Sometimes I feel like just getting down on my knees and bashing my head against the floor and breaking down completely. Now I'm being dragged into something that on Sims would be over in two minutes. But life isn't like that is it? It's not a SImulator where feelings just get controlled by someone else. No, we have free will and we dont whine when a sofa is too close to a wall to be able to pass it. We're smarter and we do more things than they do, why cant we just erase certain things or people. Sometimes it would be so much better off. This past year i've seen just how nasty and how fragile life can be, one mistake and everything can be taken away.
Life isn't easy, and living each day is an achievement... I'm sure there's a business man who had a bad day at work and wishes to kill himself, he has a wife and a couple of kids..he never pays attention to his dearly beloved any more. she just cooks him dinner and clean his laundry, maybe a kiss goodnight before they fall asleep not showing their love to each other. His kids prisoners to their social life or school studies who no longer play football with him or talk to him like he's a person any more.. it shows just how life can once seem great then become a routine that causes us to drift apart no matter what the distance in reality..

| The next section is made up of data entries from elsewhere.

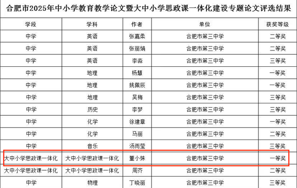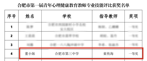 在刚刚落幕的合肥市第一届青年心理健康教育教师专业技能评比活动中,点点手机版下载官网app心理健康教师董小妹凭借扎实的专业素养与出色的临场发挥,从众多优秀选手中脱颖而出,荣获一等奖。此外,董老师还在合肥市2025年中小学教育教学论文暨大中小学思政课一体化建设专题论文评选中获一等奖,另还有省级在研课题。
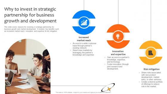 This slide covers reasons for investing in strategic partnership for business growth and market development. It involves key benefits such as increased market reach, innovation and expertise and risk mitigation. If your project calls for a presentation, then Slidegeeks is your go-to partner because we have professionally designed, easy-to-edit templates that are perfect for any presentation. After downloading, you can easily edit Brand Extension Techniques Why To Invest In Strategic Partnership For Business Growth Strategy SS V and make the changes accordingly. You can rearrange slides or fill them with different images. Check out all the handy templates This slide covers reasons for investing in strategic partnership for business growth and market development. It involves key benefits such as increased market reach, innovation and expertise and risk mitigation.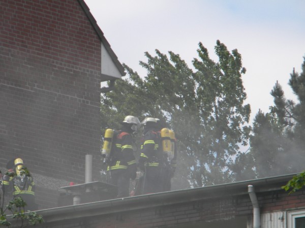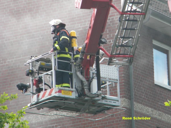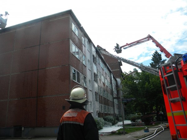 Bei Eintreffen der ersten Kräfte des Löschzuges der Feuerwache 25 und der wenig später mit beiden Löschfahrzeugen bereitstehenden Kameraden der Freiwilligen Feuerwehr Billstedt-Horn, hatten alle Bewohner des Hauses ihre Wohnungen verlassen. Zu diesem Zeitpunkt war die auf dem Dach verlegte Teerpappe an mehreren Stellen durchgebrannt und Flammen schlugen den Wehrleuten entgegen. Über die Drehleiter wurde ein erstes C-Rohr im Außenangriff vorgenommen. Der Angriffstrupp der freiwilligen Kameraden ging durch einen Treppenaufgang im Innenangriff gegen die Flammen vor. Dabei wurde eine Steckleiter durch eine Dachluke in Stellung gebracht, von der aus das sich schnell ausbreitende Feuer zwischen Dach und Decke des Gebäudes bekämpft wurde.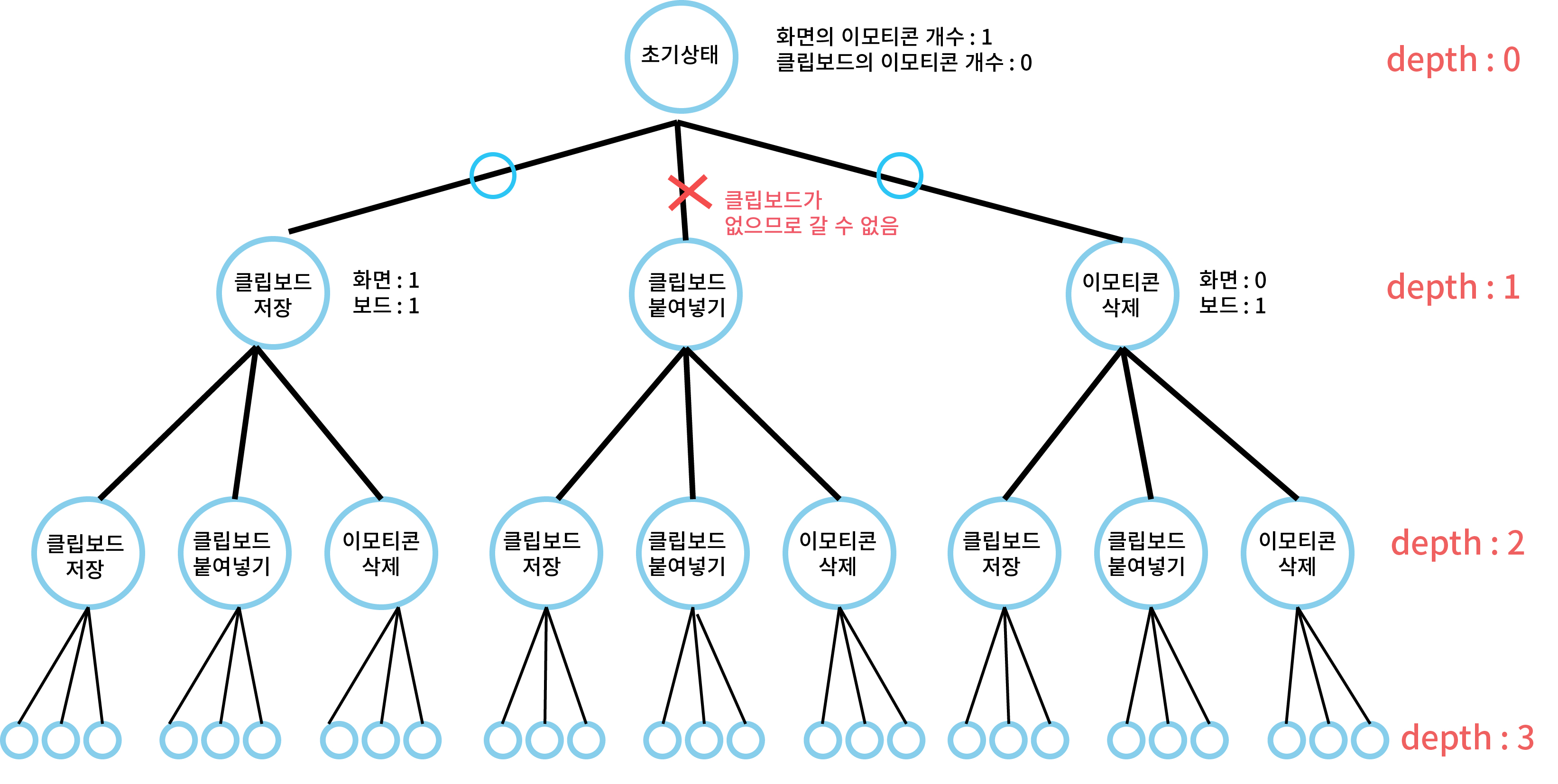 - 그럼 [그림]에서 맨 왼쪽 트리를 중심으로 가장 많이 이모티콘을 만들기 위해선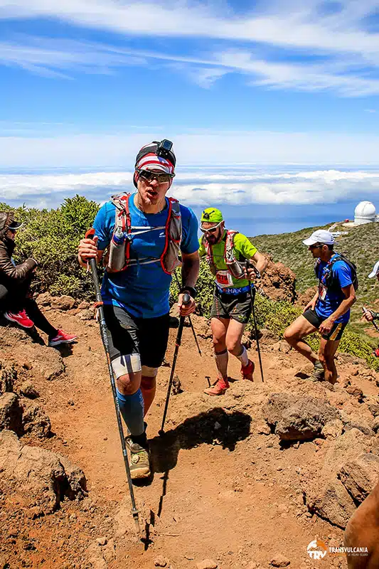 Die nächsten 25-26 Kilometer gehen recht gut dahin, doch knackige Anstiege scheinen sich langsam wieder zu häufen und es wird klar, dass nun die restlichen aufwärts gerichteten Höhenmeter fällig sind, denn der Roque de los Muchachos wartet schon. Da der Roque sowohl höchster Punkt, als auch Cut-off Checkpoint und der – Start des eigentlichen Rennensa – ist, sehnen sich alle Läufer danach, endlich dort oben zu stehen. Ab der Marathongrenze ziehen sich die letzten paar Kilometer dahin aber unglaublich. Wie ein achtlos weggeworfener Kaugummi in den man unglücklicherweise getreten ist, zieht und zieht sich das letzte Stück hinauf. Auch erwähnenswert: die Sonne hat in den vergangenen Stunden ordentlich an Kraft zugelegt und brennt auf die schattenlose Strecke. Dass La Palma recht windig ist und wir immer mehr oder weniger Grat laufen kommt uns da sehr entgegen. Es ist schon ziemlich warm, aber noch erträglich.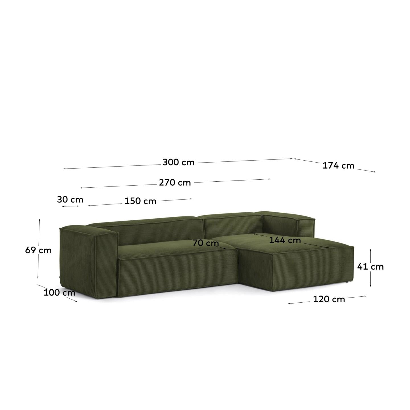 Narożnik 3-osobowy BLOK zielony sztruks La Forma    Eye on Design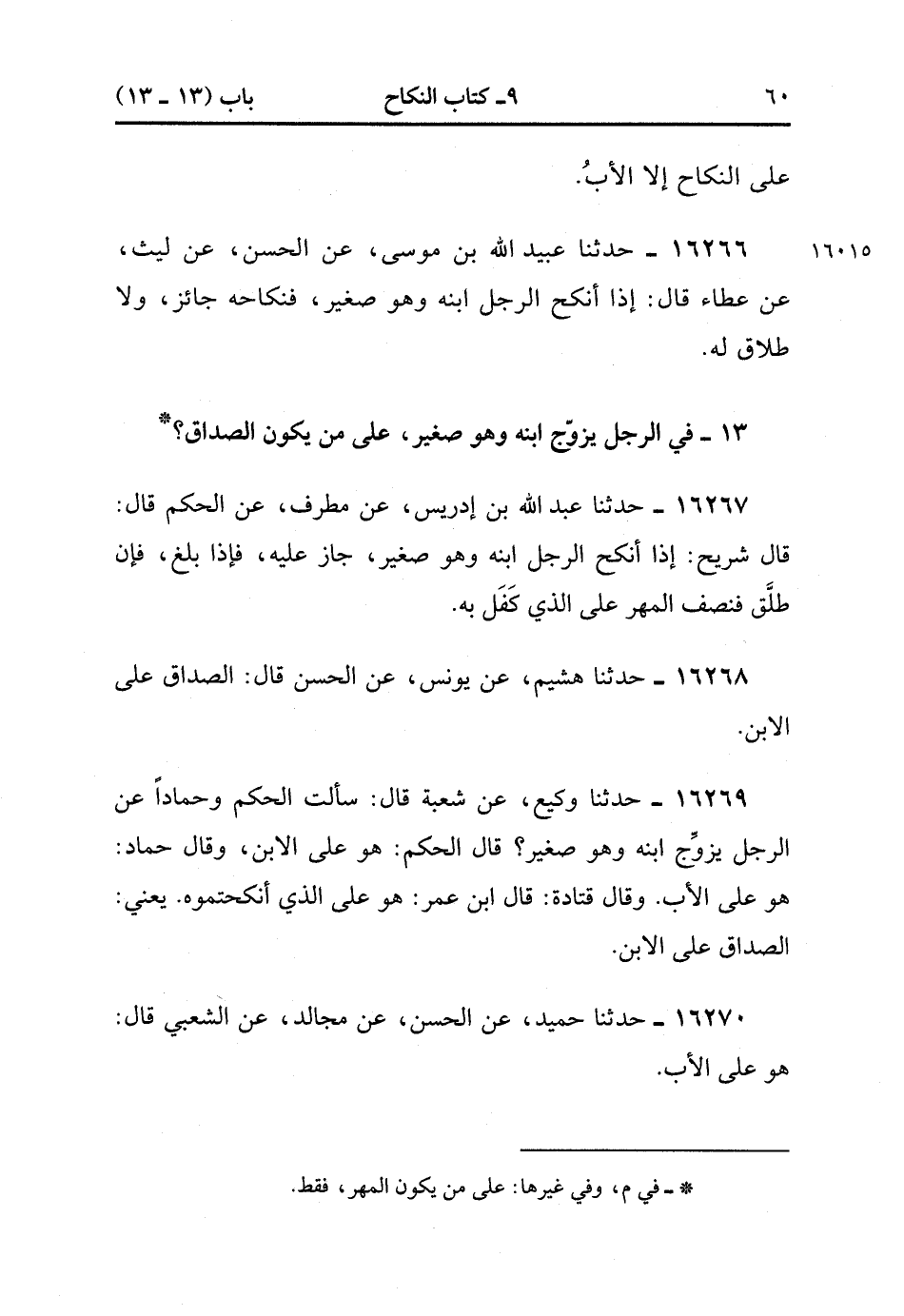 16269- حَدَّثَنَا وَكِيعٌ , عَنْ شُعْبَةَ قَالَ : سَأَلْتُ الْحَكَمَ وَحَمَّادًا , عَنِ الرَّجُلِ يُزَوِّجُ ابْنَهُ وَهُوَ صَغِيرٌ ، قَالَ الْحَكَمُ : هو عَلَى اِلابْنِ، وَقَالَ حَمَّادٌ : هُوَ عَلَى الأَبِ ، وَقَالَ قَتَادَةُ : قَالَ ابْنُ عُمَرَ هُوَ عَلَى الَّذِي أَنْكَحْتُمُوهُ ، يَعْنِي الصَّدَاقَ عَلَى اِلابْنِ.

Life is cruel, and I'm only Seventeen and i know what it's like. There are more parts of my life that will bring tears, a broken heart..will it be great? or will it be like that business man, hanging himself with a tie that his mother bought him for his fortieth birthday?
Who knows. our life is in our hands, and i know for a fact i don't want to continue this life filled with regret or routines...i want to make it worth while. Even if it's knocked me down a thousand times, it seems i always have faith. Because if i didn't i would of tightened that knot long ago.